The codes are written in python and depend on numpy.
The following demonstrates some simple usages. More detailed examples can be found in analyze.py
.
This toolkit organizes the profiling results from each rank into a tree structure via the following command
roots = build_calltree_list(path='../bl_prof_bin', nProc=18)
roots
is a list of tree root.
One can find the time breakdown of a profiled function. For instance, the code below
callPath = ['mfix_solve', 'mfix_dem::EvolveParticles()']
print_runtime(roots, callPath, depth=1, pid=1)
outputs the time costs of mfix_dem:EvolveParticles()

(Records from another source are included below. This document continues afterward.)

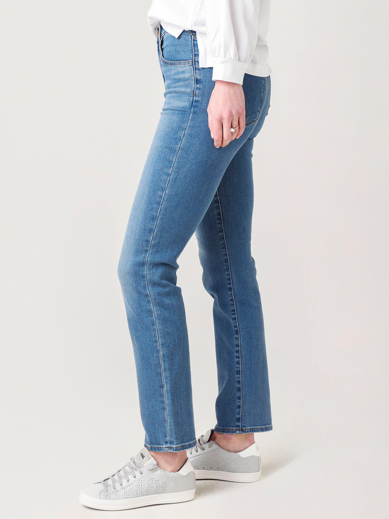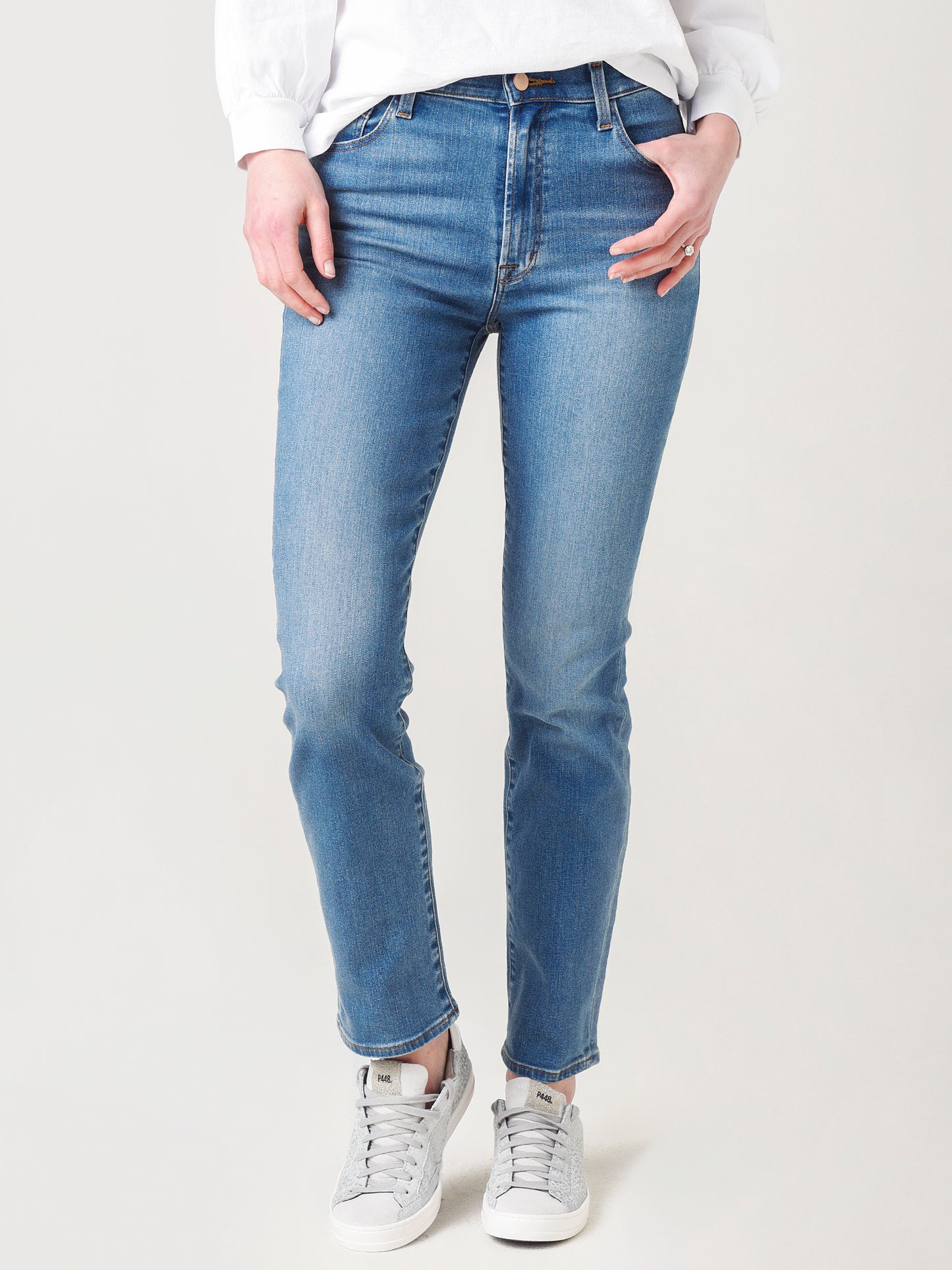 The J Brand Women's Teagan High-Rise Straight Jean is a freshly updated high-rise with a rigid style.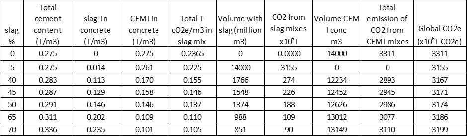 With 14 billion m3 of concrete produced annually and say 200mT of slag available we can theoretically add a meagre 14kg of slag to each cubic metre of concrete. At such a low addition rate, none of the performance advantages of slag would be realised. If we assume the average cement content for CEM I is 275kg/m3 then 14kg is only 5%, which is so ow that the material would still class as CEM I according to EN 196. If 40% slag was used, there would be a small increase in total cement content to maintain the characteristic strength at 28 days compared to a concrete made with 100% CEM I and there would be sufficient slag to produce 1766 million m3 while the remaining 12234 million m3 (see Table 2) would need to be produced with CEM I (as all the slag has been used). Using these volumes to calculate CO2e and just considering cement for simplicity, gives some interesting results.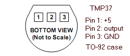 El TMP37 está diseñado para aplicaciones en el rango de 5 grados C a 100 grados C y proporciona un factor de escala de salida de 20 mV por grados C. El TMP37 proporciona una salida de mV 500 a 25 grados C. operación se extiende a 150 grados C con exactitud reducida para todos los dispositivos cuando operan desde una fuente V 5. La impedancia de salida baja de TMP35/TMP36/TMP37, su salida lineal y una calibración precisa simplifican la conexión a circuitos de control de temperatura y ADCs. Los tres dispositivos están diseñados para operación de suministro de solo 2,7 V a 5.5 V máximo. En mi prueba debe utilizarse una fuente de + 5 voltios estable!
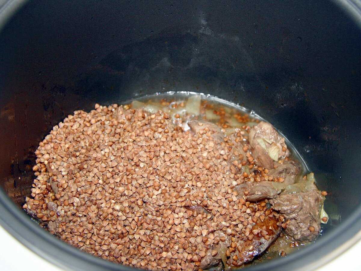 - Приправьте содержимое чаши перцем, посолите. Всыпьте промытую гречку.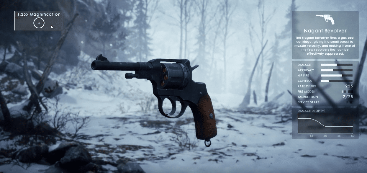 Nagant Revolver – Der Nagant Revolver ist als Sekundärwaffe verfügbar.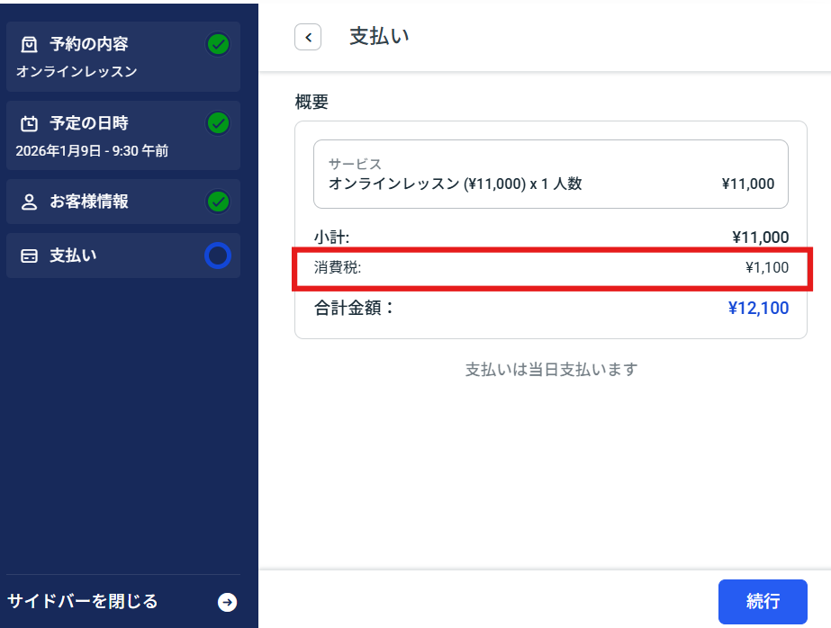 このように、予約フォームの金額確認画面で設定をした消費税が反映されます。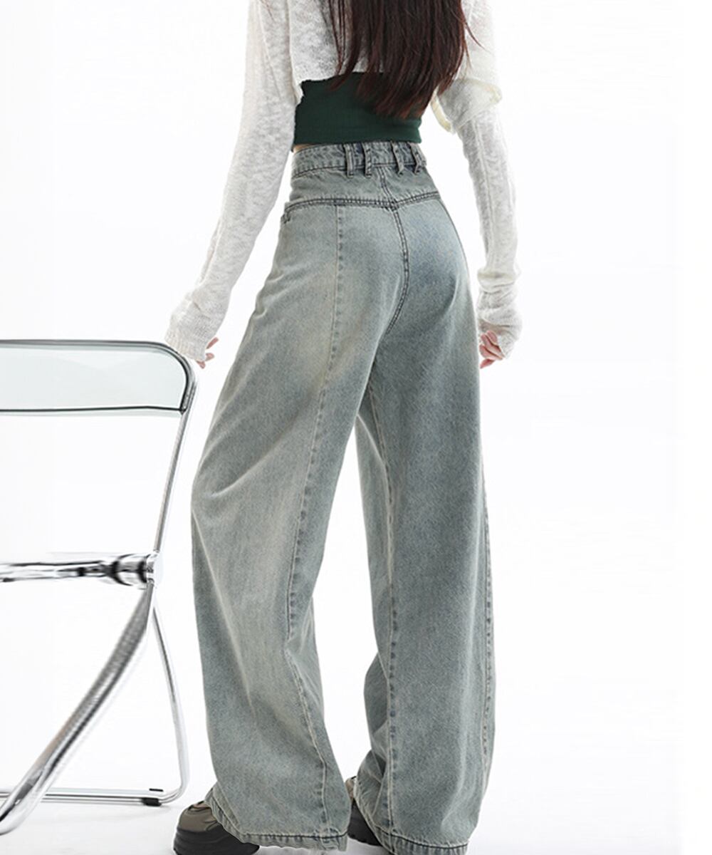 ハイウエストジーンズ 10代20代30代 ゆったりジーパン 体型カバー おしゃれストレートパンツ 美脚脚長 レトロデニム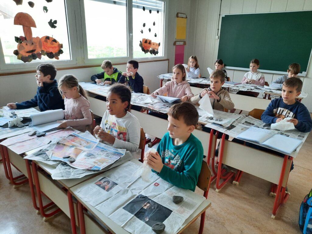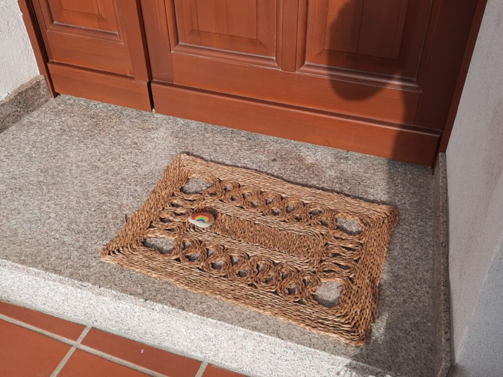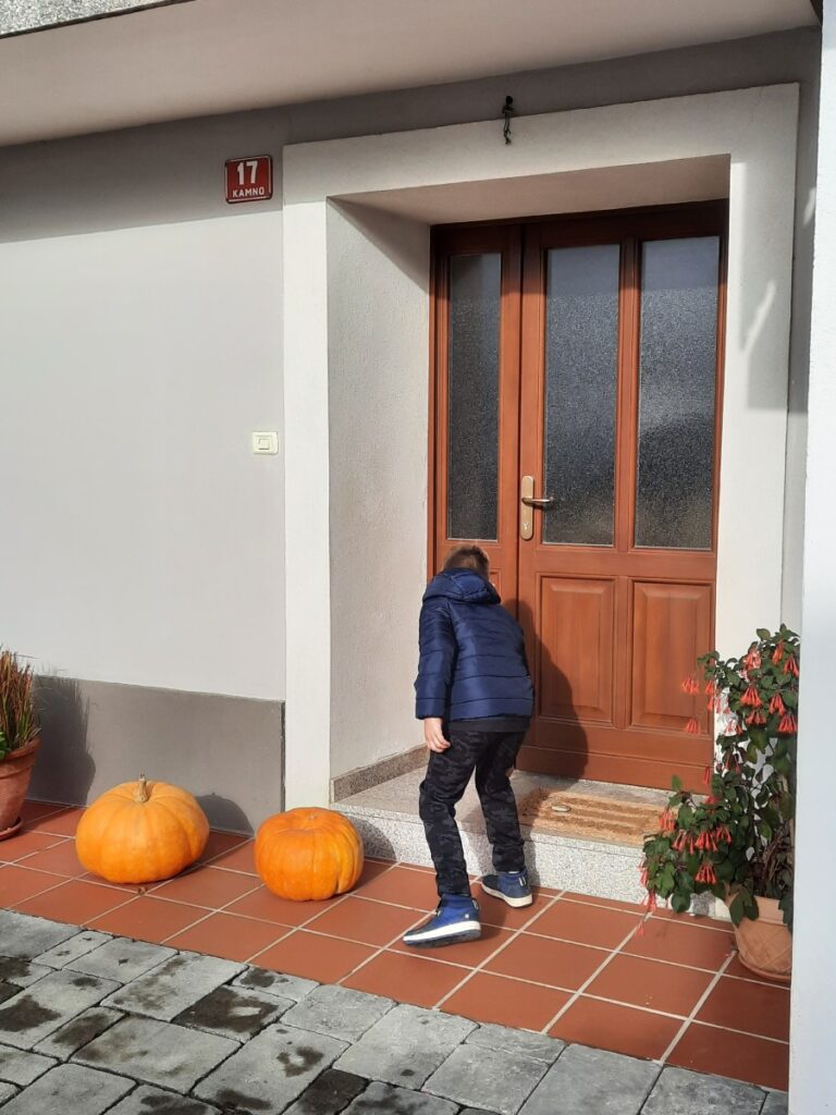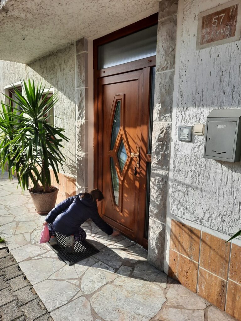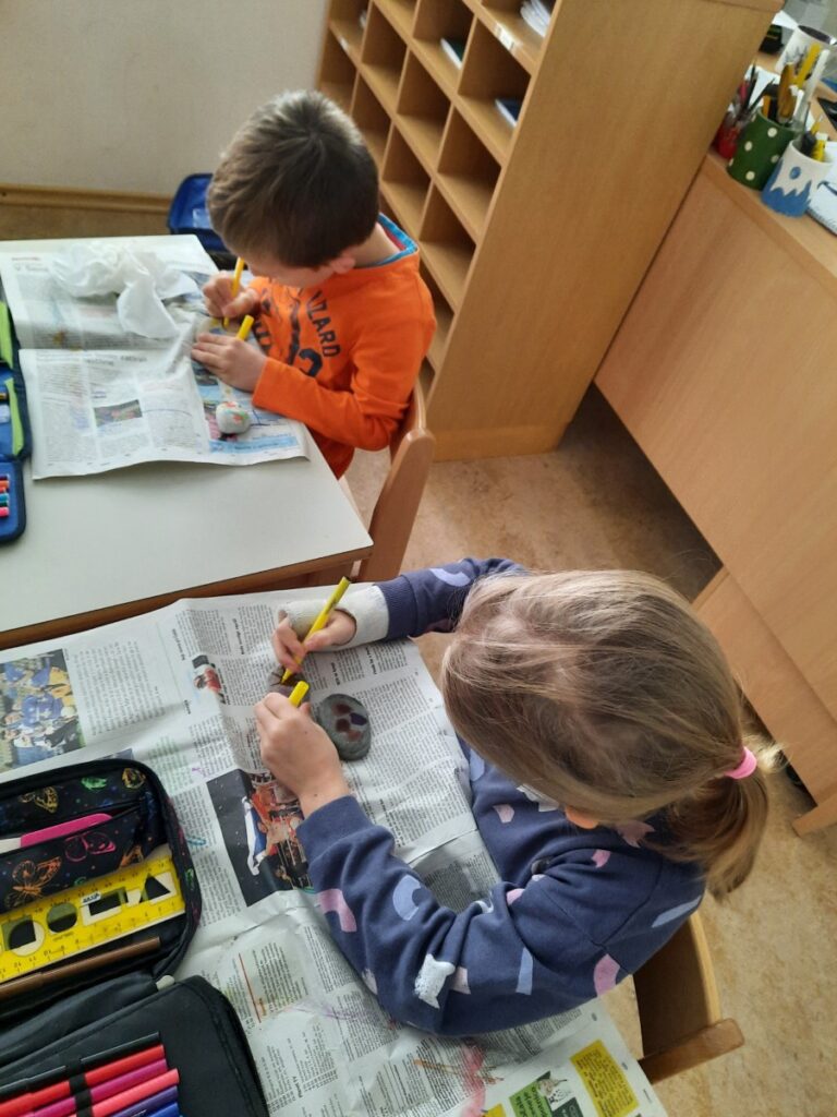 Ker pa naše vaščane ne vidimo vsak dan, da bi jim podarili nasmeh, smo se odločili, da jim na ta dan izkažemo pozornost in prijaznost na prav poseben način. Zjutraj smo odšli k reki Soči, nabrali kamenčke, pri pouku nanje narisali majhno risbico in napisali kratko misel. Nekaj kamenčkov smo na skrivaj, kot pozornost, postavili pred vrati nekaterih Kamnskih hiš že dopoldan, popoldan pa so to naredili učenci še na Volarjih, Seliščih in Kamnem. Verjamemo, da smo vsem polepšali danes dan in jim pričarali z našo prijaznostjo nasmeh na obrazu.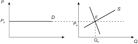 Рис. 1 иллюстрирует, что при совершенной конкуренции предложение поддерживается на равновесном уровне (Pe ). Иными словами, любой объем выпуска может быть распродан по равновесной рыночной цене. Это исключает инфляцию, безработицу, перепроизводство и другие явления экономического неравновесия.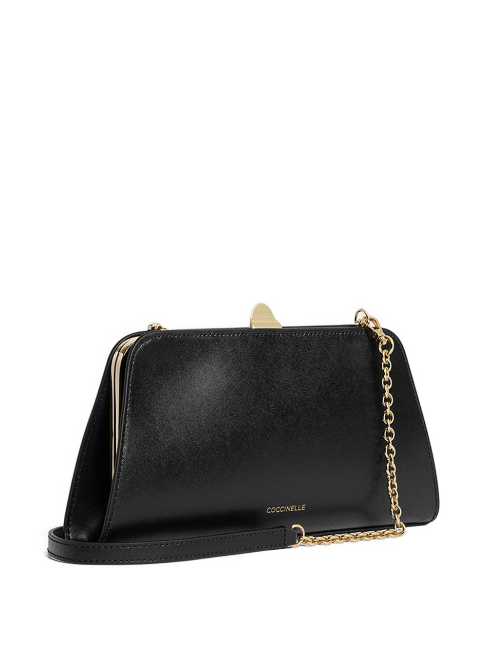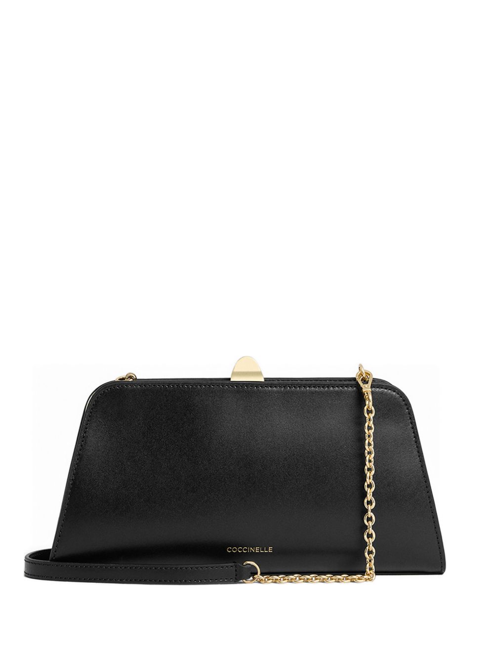 Pochette Coccinelle in pelle nera con catena, perfetta per la sera o per occasioni più eleganti.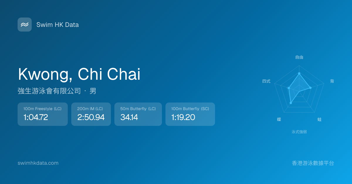 此圖表根據你所有比賽成績計算,顯示你在各泳式的相對強弱,僅供參考。繼續努力,每一次練習都會讓你更快更強!💪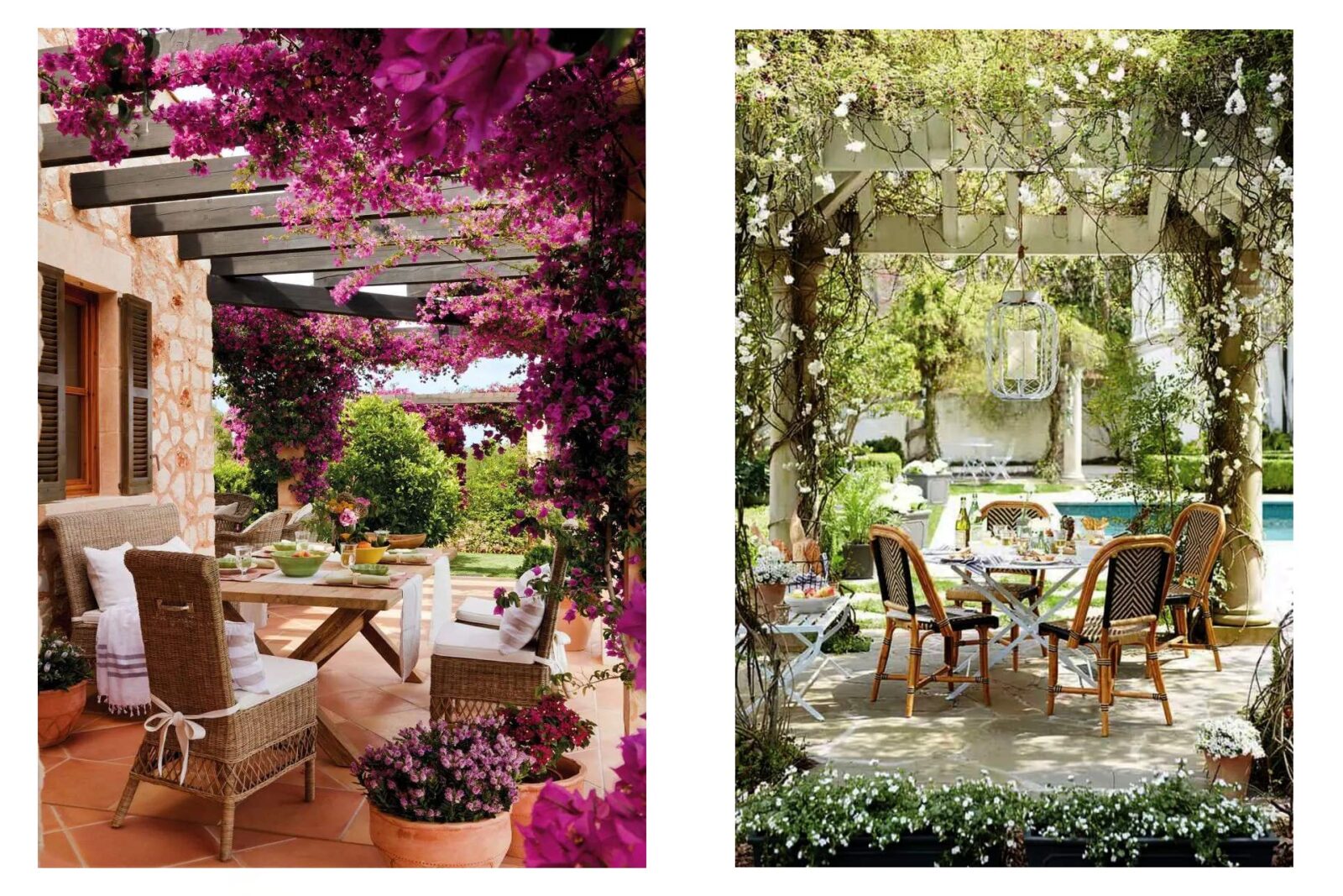 Qui è un trionfo di toni caldi e intimi, oltre che di una meravigliosa e straripante bouganvillea. Non esattamente elegantissime le sedute legate dietro alle spalliere…

and its child functions (depth 1) on rank 1 as follows,
-------- processes 1 --------
mfix_dem::EvolveParticles() 2.10e-02 1
ParticleContainer::SortParticlesByBin() 9.44e-04 0.0449 1
NeighborParticleContainer::clearNeighborsGPU 4.47e-05 0.0021 4
ParticleContainer::RedistributeGPU() 2.49e-03 0.1187 2
NeighborParticleContainer::fillNeighbors 1.28e-02 0.6111 1
NeighborParticleContainer::buildNeighborList 1.85e-03 0.0881 1
particles_computation 2.78e-03 0.1320 1
For each child function, the 2nd column shows the time cost. The 3rd column denotes the percentage in its parent function's cost. The last column presents the number of calls.
One can plot time costs by ranks to check for load imbalance.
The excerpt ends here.